=== Exercise materials ===

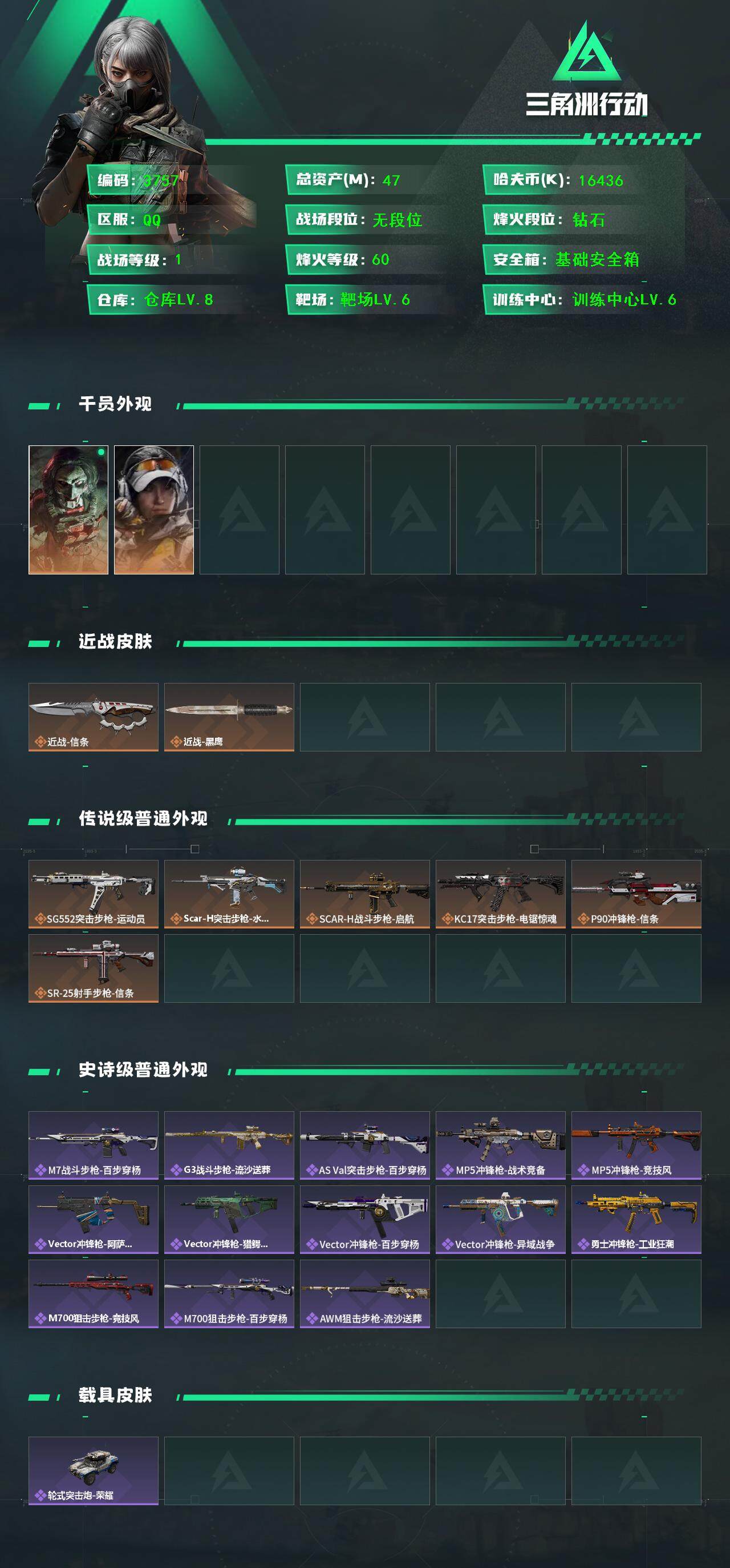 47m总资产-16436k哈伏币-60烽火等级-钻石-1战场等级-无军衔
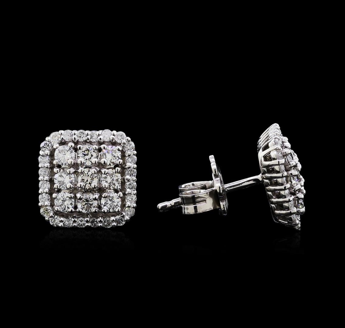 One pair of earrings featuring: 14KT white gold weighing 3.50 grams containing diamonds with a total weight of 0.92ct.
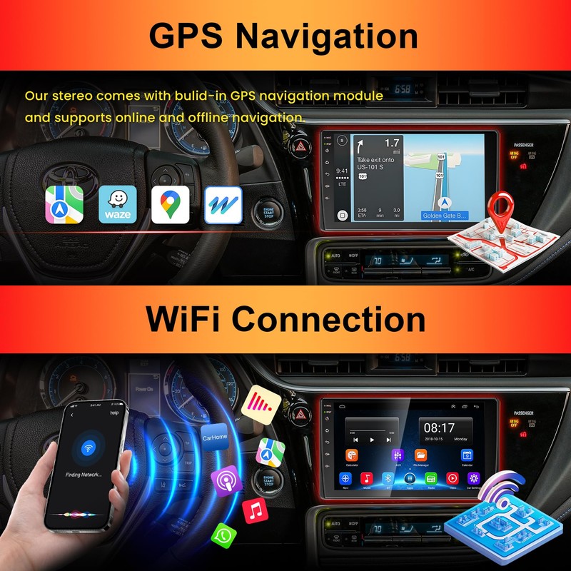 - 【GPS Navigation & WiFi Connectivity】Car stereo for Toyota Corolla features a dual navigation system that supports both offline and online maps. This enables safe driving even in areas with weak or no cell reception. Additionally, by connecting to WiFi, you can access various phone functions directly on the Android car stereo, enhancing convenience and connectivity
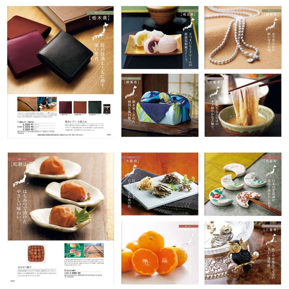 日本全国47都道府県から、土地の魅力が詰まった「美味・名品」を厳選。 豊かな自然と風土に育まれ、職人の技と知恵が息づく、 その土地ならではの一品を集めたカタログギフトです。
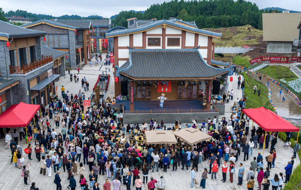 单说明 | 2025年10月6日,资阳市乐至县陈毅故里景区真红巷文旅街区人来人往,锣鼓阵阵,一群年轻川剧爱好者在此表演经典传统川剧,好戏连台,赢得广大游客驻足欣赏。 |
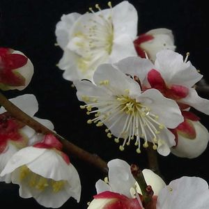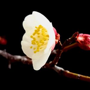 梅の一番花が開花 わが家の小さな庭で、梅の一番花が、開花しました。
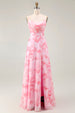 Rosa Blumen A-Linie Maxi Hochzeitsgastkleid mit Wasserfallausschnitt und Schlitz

===

Write out all the entries again, word for word, and print no images.

 47m总资产-16436k哈伏币-60烽火等级-钻石-1战场等级-无军衔
 One pair of earrings featuring: 14KT white gold weighing 3.50 grams containing diamonds with a total weight of 0.92ct.
 - 【GPS Navigation & WiFi Connectivity】Car stereo for Toyota Corolla features a dual navigation system that supports both offline and online maps. This enables safe driving even in areas with weak or no cell reception. Additionally, by connecting to WiFi, you can access various phone functions directly on the Android car stereo, enhancing convenience and connectivity
 日本全国47都道府県から、土地の魅力が詰まった「美味・名品」を厳選。 豊かな自然と風土に育まれ、職人の技と知恵が息づく、 その土地ならではの一品を集めたカタログギフトです。
 单说明 | 2025年10月6日,资阳市乐至县陈毅故里景区真红巷文旅街区人来人往,锣鼓阵阵,一群年轻川剧爱好者在此表演经典传统川剧,好戏连台,赢得广大游客驻足欣赏。 |
 梅の一番花が開花 わが家の小さな庭で、梅の一番花が、開花しました。
 Rosa Blumen A-Linie Maxi Hochzeitsgastkleid mit Wasserfallausschnitt und Schlitz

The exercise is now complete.